DATA FOR ANALYSIS:
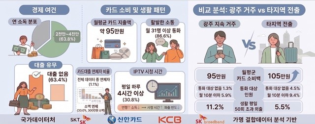 이번 보고서는 국가데이터처의 공공데이터와 SK텔레콤, 신한카드, 코리아크레딧뷰로(KCB), SK브로드밴드 등 민간 데이터를 가명 결합하여 개인 식별 없이 안전하게 분석한 결과다. 시는 지난 2025년 3월 기준 광주 거주 1인 가구(5만 2,950명)와 타지역 전출 1인 가구(1만 2,086명)의 데이터를 비교해 정교한 맞춤형 정책 수립의 기초 자료를 마련했다.
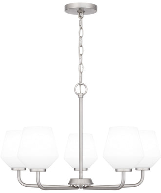 The Nielson 5-light Chandelier in Brushed Nickel is the epitome of transitional styling, merging clean lines with a touch of sophistication. The chandelier features five opal etched glass shades that provide a soft, diffused light, creating a warm and inviting ambiance in any room. The brushed nickel finish adds a modern touch, making it a versatile piece that complements various décor styles, from contemporary to traditional.
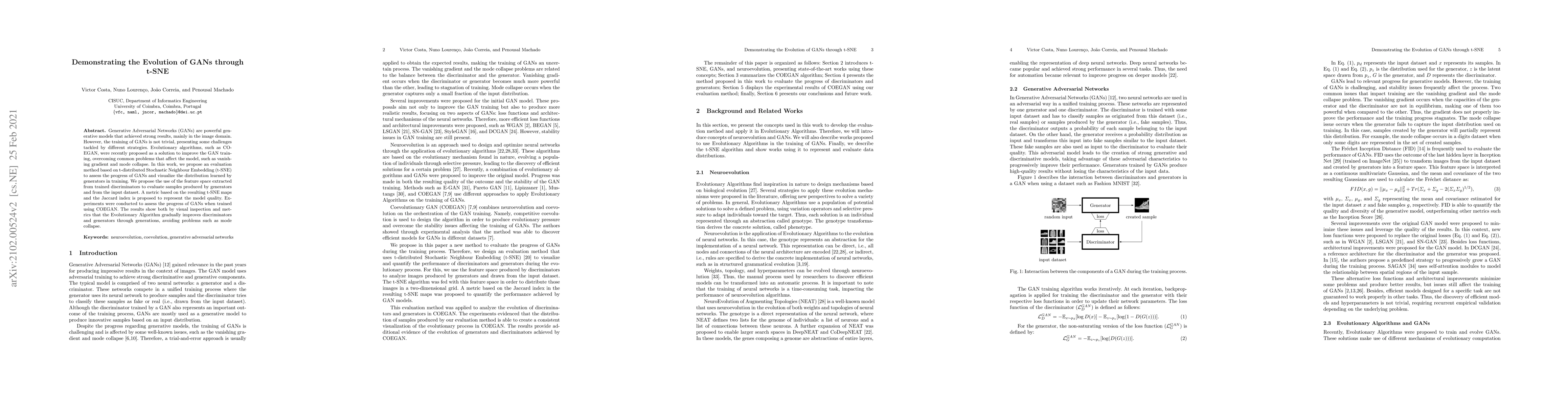 This paper proposes an evaluation method using t-SNE to visualize and assess the training progress of GANs, particularly when employing COEGAN to address issues like vanishing gradients and mode collapse. The study demonstrates that the evolutionary approach enhances both discriminator and generator performance over generations.
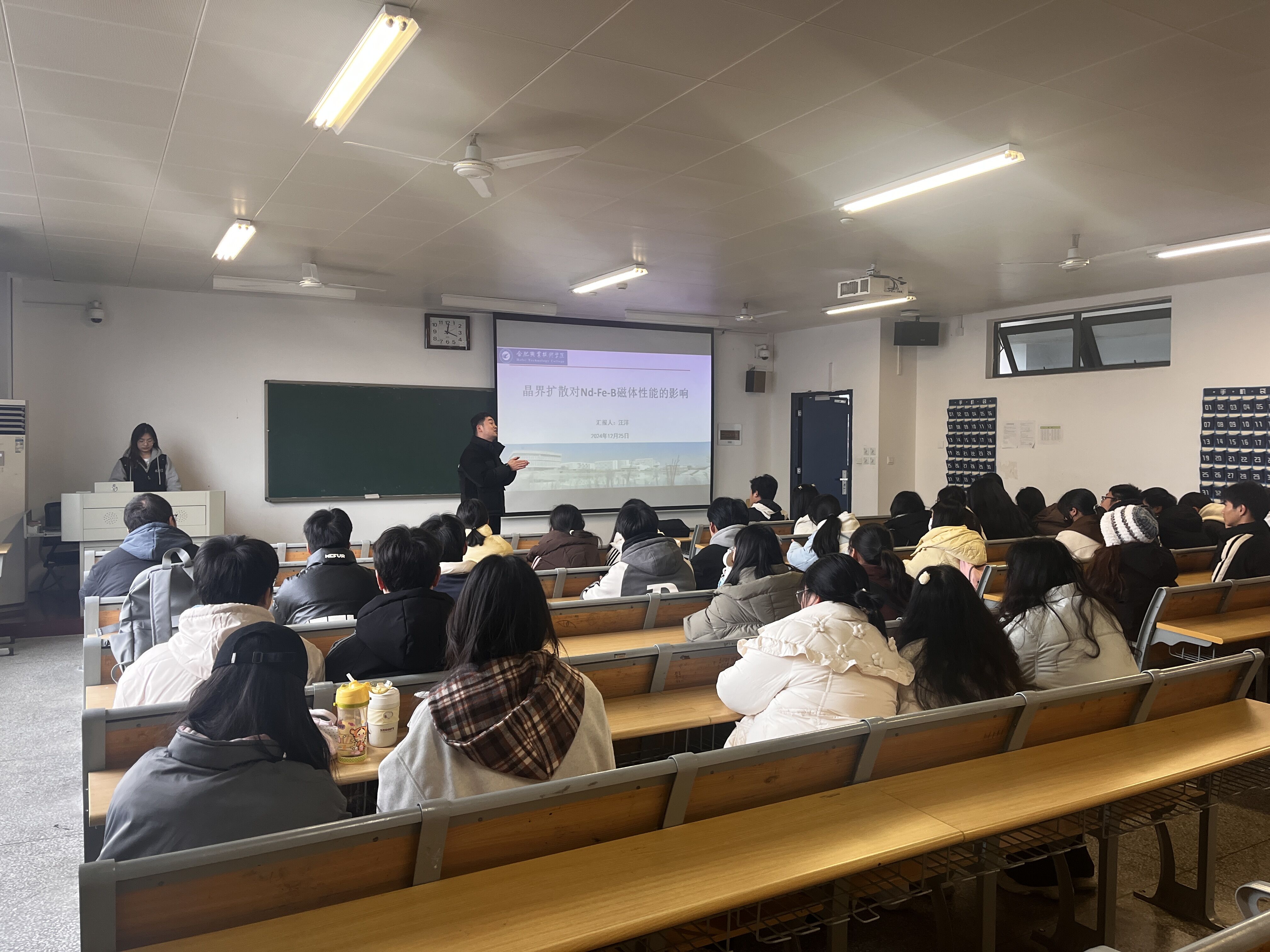 为加强对稀土永磁领域的认识、开阔师生科研视野,跟踪最新科研成果。2024年12月25日下午,由公司青年教师汪洋主讲的学术讲座在汇心湖校区教学南楼511教室顺利开展,本次讲座以“晶界扩散对Nd-Fe-B磁体性能的影响”为主题,公司各专业员工参加。
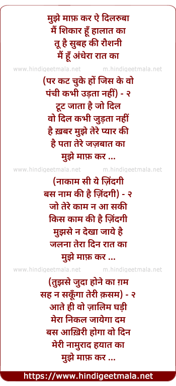 Lyrics of Mujhe Mere Yaar Kaa Didaar Chaahiye - मुझे माफ़ कर ऐ दिलरुबा
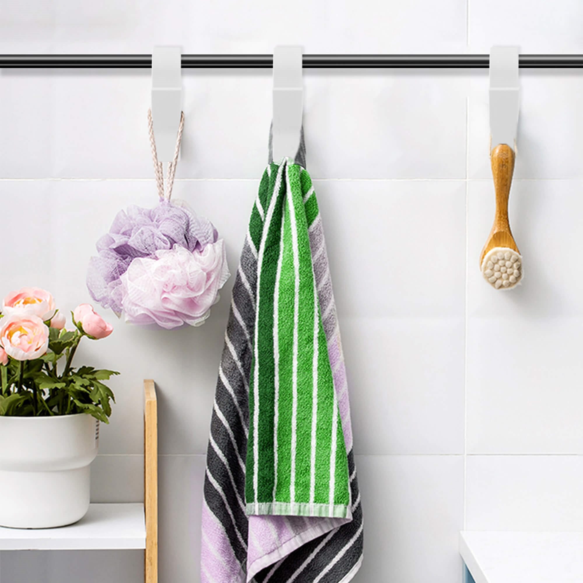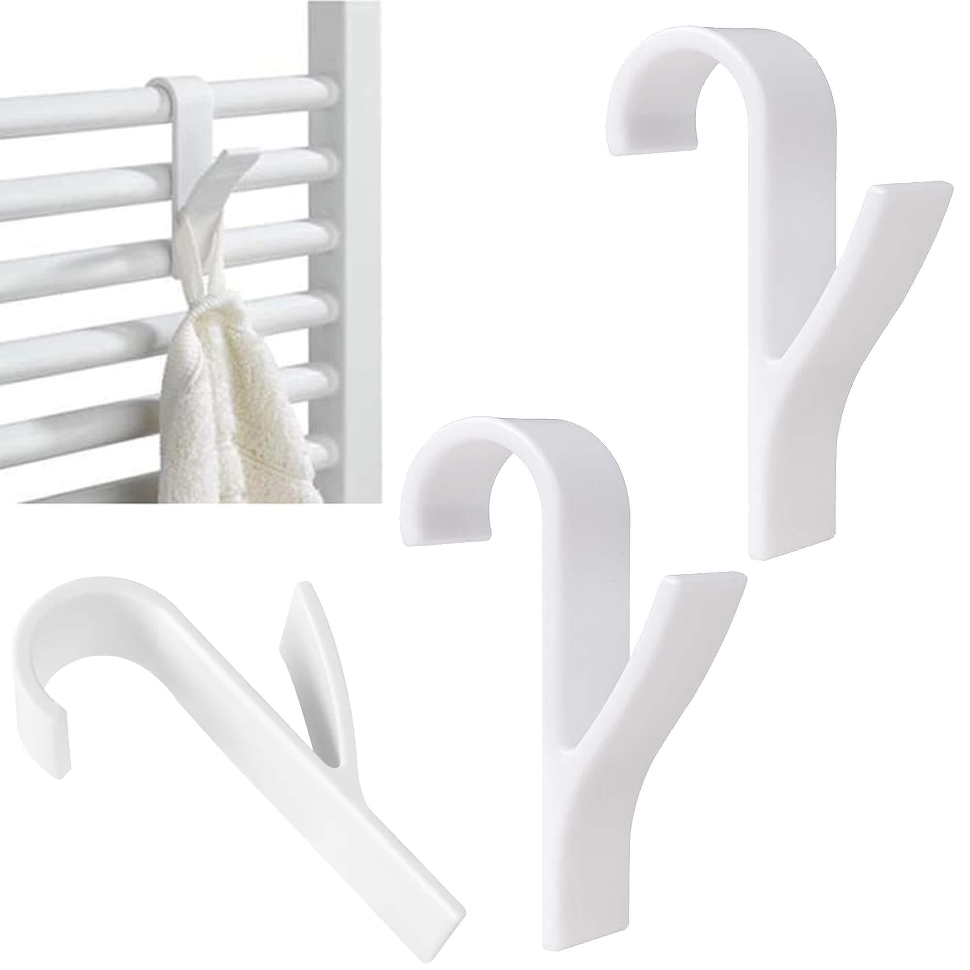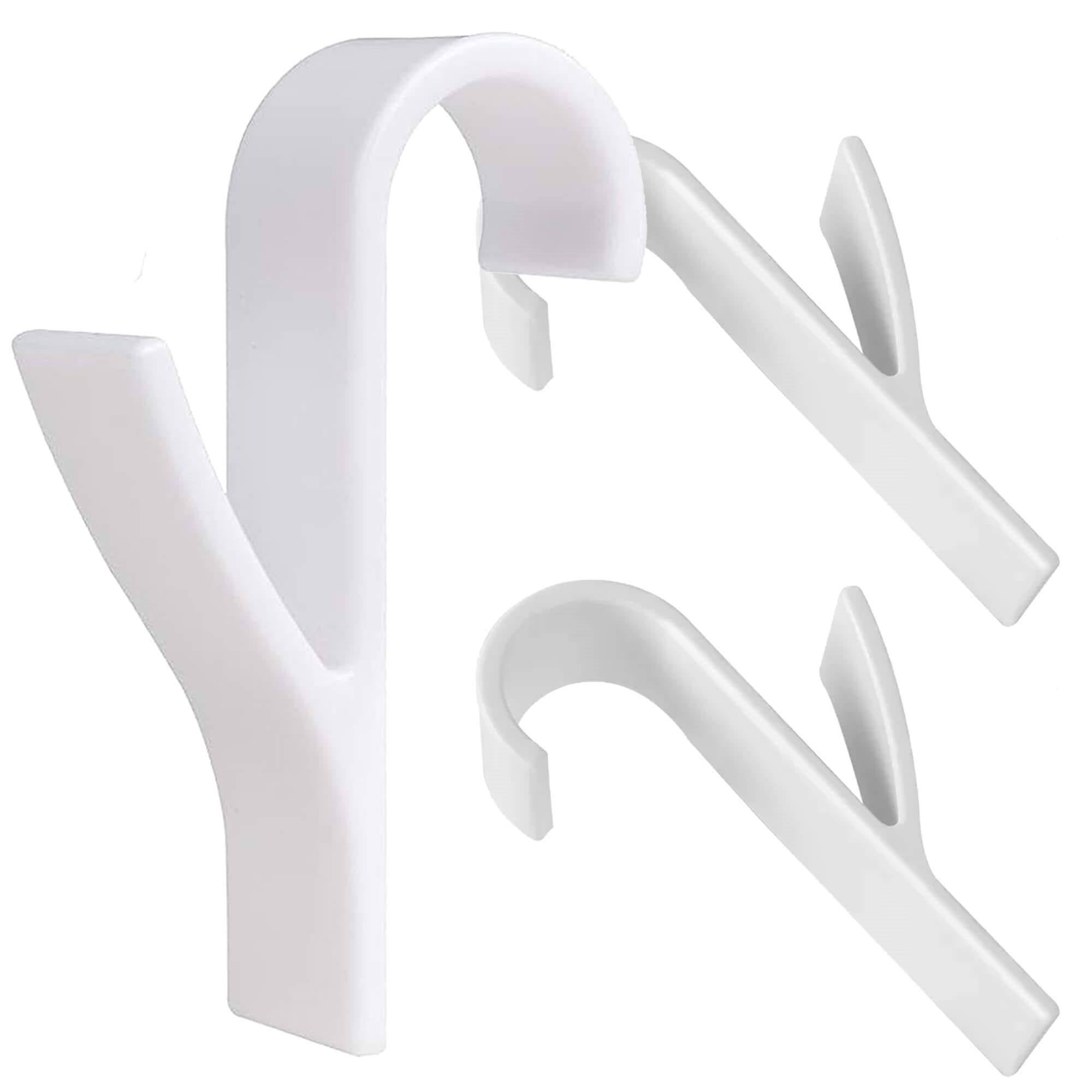 Materiāls: plastmasa balta krāsa Skaits komplektā: 2 Maksimālā slodze: 2 kg Izmēri: Augstums: 9,5 cm Platums: 2,5 cm Dziļums: 5,7 cm Noapaļotā roktura platums; apm. 3 cm Diagonālā roktura platums: 2,5 cm

WORK REQUIRED: Return the data exactly. Pictures stay out.

OUTPUT BELOW:
 이번 보고서는 국가데이터처의 공공데이터와 SK텔레콤, 신한카드, 코리아크레딧뷰로(KCB), SK브로드밴드 등 민간 데이터를 가명 결합하여 개인 식별 없이 안전하게 분석한 결과다. 시는 지난 2025년 3월 기준 광주 거주 1인 가구(5만 2,950명)와 타지역 전출 1인 가구(1만 2,086명)의 데이터를 비교해 정교한 맞춤형 정책 수립의 기초 자료를 마련했다.
 The Nielson 5-light Chandelier in Brushed Nickel is the epitome of transitional styling, merging clean lines with a touch of sophistication. The chandelier features five opal etched glass shades that provide a soft, diffused light, creating a warm and inviting ambiance in any room. The brushed nickel finish adds a modern touch, making it a versatile piece that complements various décor styles, from contemporary to traditional.
 This paper proposes an evaluation method using t-SNE to visualize and assess the training progress of GANs, particularly when employing COEGAN to address issues like vanishing gradients and mode collapse. The study demonstrates that the evolutionary approach enhances both discriminator and generator performance over generations.
 为加强对稀土永磁领域的认识、开阔师生科研视野,跟踪最新科研成果。2024年12月25日下午,由公司青年教师汪洋主讲的学术讲座在汇心湖校区教学南楼511教室顺利开展,本次讲座以“晶界扩散对Nd-Fe-B磁体性能的影响”为主题,公司各专业员工参加。
 Lyrics of Mujhe Mere Yaar Kaa Didaar Chaahiye - मुझे माफ़ कर ऐ दिलरुबा
 Materiāls: plastmasa balta krāsa Skaits komplektā: 2 Maksimālā slodze: 2 kg Izmēri: Augstums: 9,5 cm Platums: 2,5 cm Dziļums: 5,7 cm Noapaļotā roktura platums; apm. 3 cm Diagonālā roktura platums: 2,5 cm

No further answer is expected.